• [EXERCISE DIRECTIONS]: Reproduce the data below exactly. Skip the pictures.

• [DATA BELOW]:
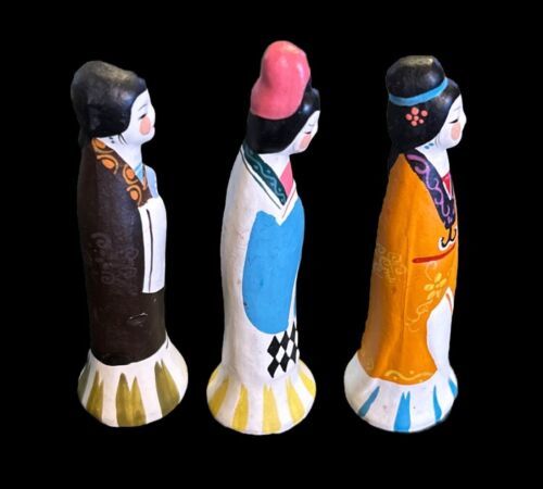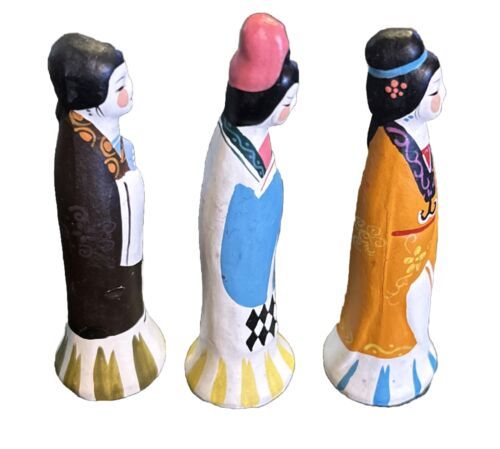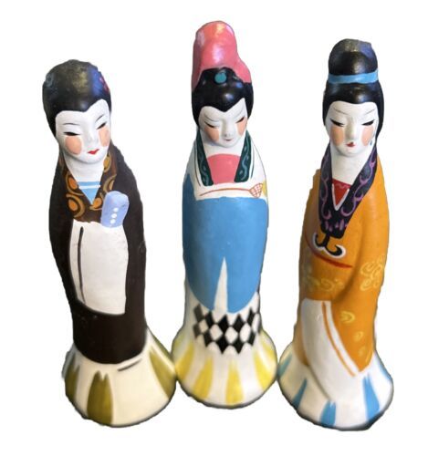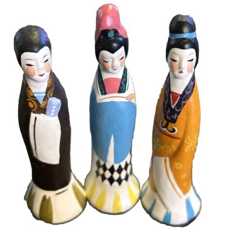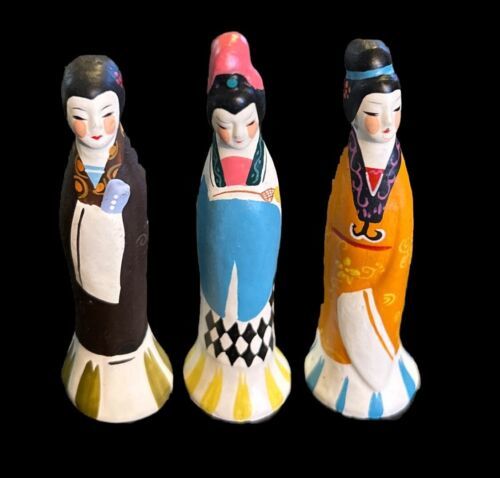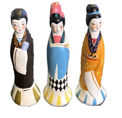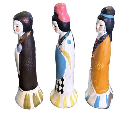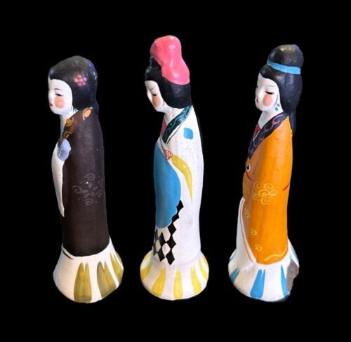 This is a set of three Chinese figurines depicting young girls in traditional garments. They are beautifully crafted and perfect for adding a touch of culture to any home. The figurines are made of high-quality materials and have been well-maintained.
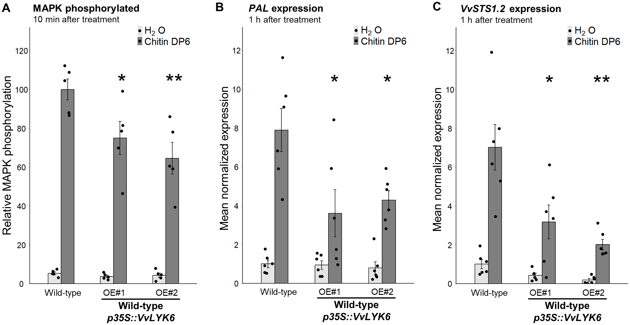 Based on these findings, we conclude that VvLYK6 acts as a negative regulator of chitin-triggered immune responses, suggesting its potential role as a susceptibility gene during fungal infections.
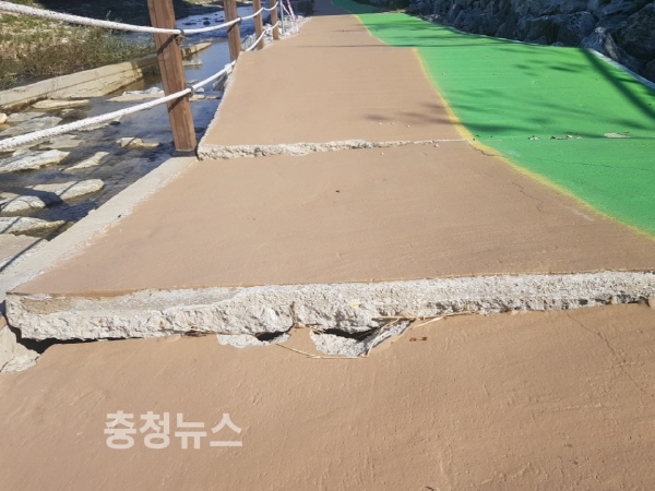 인근 주민 김 씨는 “도로 포장(산책로)이 완전히 뜯어졌지만 주의하라는 내용이 적힌 현수막이 하나 없다”며 “야간에 사람들이 주의할 수 있도록 야광 삼각대라도 설치해 줬으면 좋겠다”고 말했다.

• [ANSWER TO THIS EXERCISE]:
 This is a set of three Chinese figurines depicting young girls in traditional garments. They are beautifully crafted and perfect for adding a touch of culture to any home. The figurines are made of high-quality materials and have been well-maintained.
 Based on these findings, we conclude that VvLYK6 acts as a negative regulator of chitin-triggered immune responses, suggesting its potential role as a susceptibility gene during fungal infections.
 인근 주민 김 씨는 “도로 포장(산책로)이 완전히 뜯어졌지만 주의하라는 내용이 적힌 현수막이 하나 없다”며 “야간에 사람들이 주의할 수 있도록 야광 삼각대라도 설치해 줬으면 좋겠다”고 말했다.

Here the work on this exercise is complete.